Monday, January 11, 2016

Dudes Keep Dropping...

The news about Bowie this morning was a shocker. It really hit me sideways.

It sent my mind reeling back to when it was easy to find US cut-outs, with the cartoon cover, of "The Man who Sold the World". But most especially to seeing him perform “Starman” on Top of the Pops with Ronno and the other guys. These were important notes from space and no-one had seen anything quite like this. Some of us were already Alice Cooper but we wouldn’t actually SEE them until something like 3 months later. 

Forgive me if my recall is sketchy. My granny was disgusted and referred to him as a he/she. My grandmother would also use a coloured pencil to draw in underwear on pin up girls on my bedroom wall. Somewhere I’m sure there’s photographic evidence of this. My formative years converged with what was perhaps the last great proper teenage music wave, Glam.

I worked in a record store during holidays and at weekends and we sold Bowie records every day. We even sold copies of a record called "Raw Power" on import that had some involvement from him. I got the first one and a guy called Ziggy from the auld toon bought the other copy. I can’t recall his real name but he had the haircut and everything. Easily the biggest DB fan in the locale at that time.

I’d say I was definitely a fan of his from “Man” up until probably “Heroes”. "Young Americans" I didn’t really get because it seemed just like a weak take on Philly soul and I didn’t care for that particular “image”. It seemed like betrayal after the supreme rock’n’roll crunch of the previous two albums but in retrospect was just him moving along. Last time I saw him would have been the "Station to Station" tour. Several years later, nearly 20 maybe, I would witness El Vez recreate that album’s incredible opening mood in Tut’s, not far from where I saw Bowie. 

The Aladdin Sane show at the Edinburgh Empire - May 23rd 1973 - was the first late night rock show I ever attended. The record shop ran a bus. My mate Gordon Mackay missed that and took a cab into the city. It must have cost a small fortune but he didn’t care, he just had to be there. I remember being very excited at the fact they encored with a version of "White Light, White Heat".

You see this was punk rock. Before it was co-opted into whatever it became.
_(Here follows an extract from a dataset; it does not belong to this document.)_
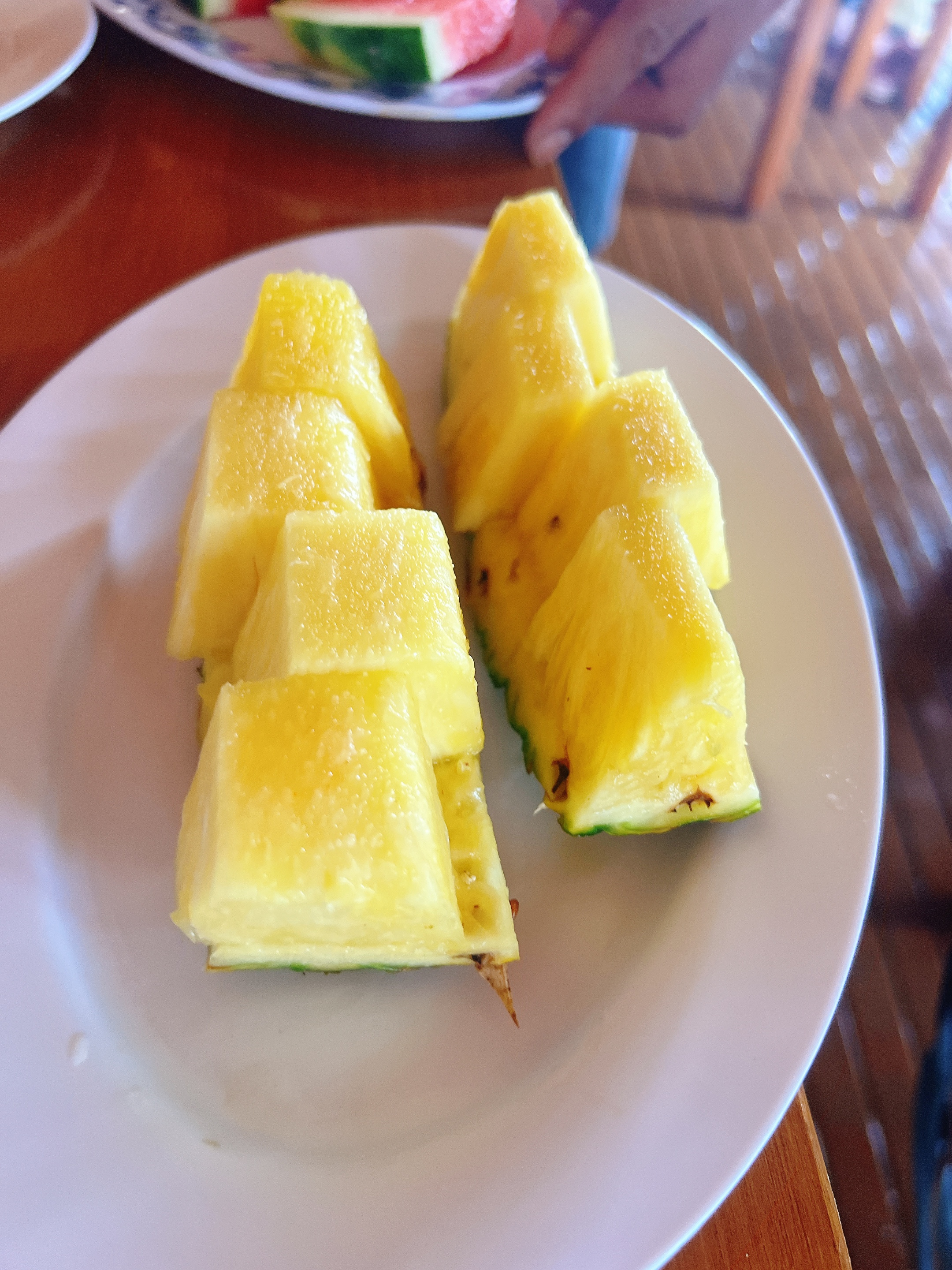 돌아오는 길에 먹은 점심. 바베큐는 예쁘지만 식어있어서 조금 아쉬웠다. 과일과 물은 무제한. 오후에 비가 온다던데 바람이 역으로 강해져서 사람들이 좀 멀미를 하며 많이 먹지 못했다.

Many folks I know stuck with him though, fine with the shape-shifting, even with Tin Machine. He did exactly what he wanted to do and the guy cannot be prosecuted for that. The bigger impression of all this is the psychological damage of all the artists that played a part of the overall culture disappearing. The loss of characters in conjunction with a sharp contrast of one’s own mortality is something that strikes me as quite sobering. Even although I can’t say I’m overly perturbed. I think it’s the thought of losing yet another connection. In this case not a friend but someone who definitely contributed to the fabric of what one would or had become. However indirectly.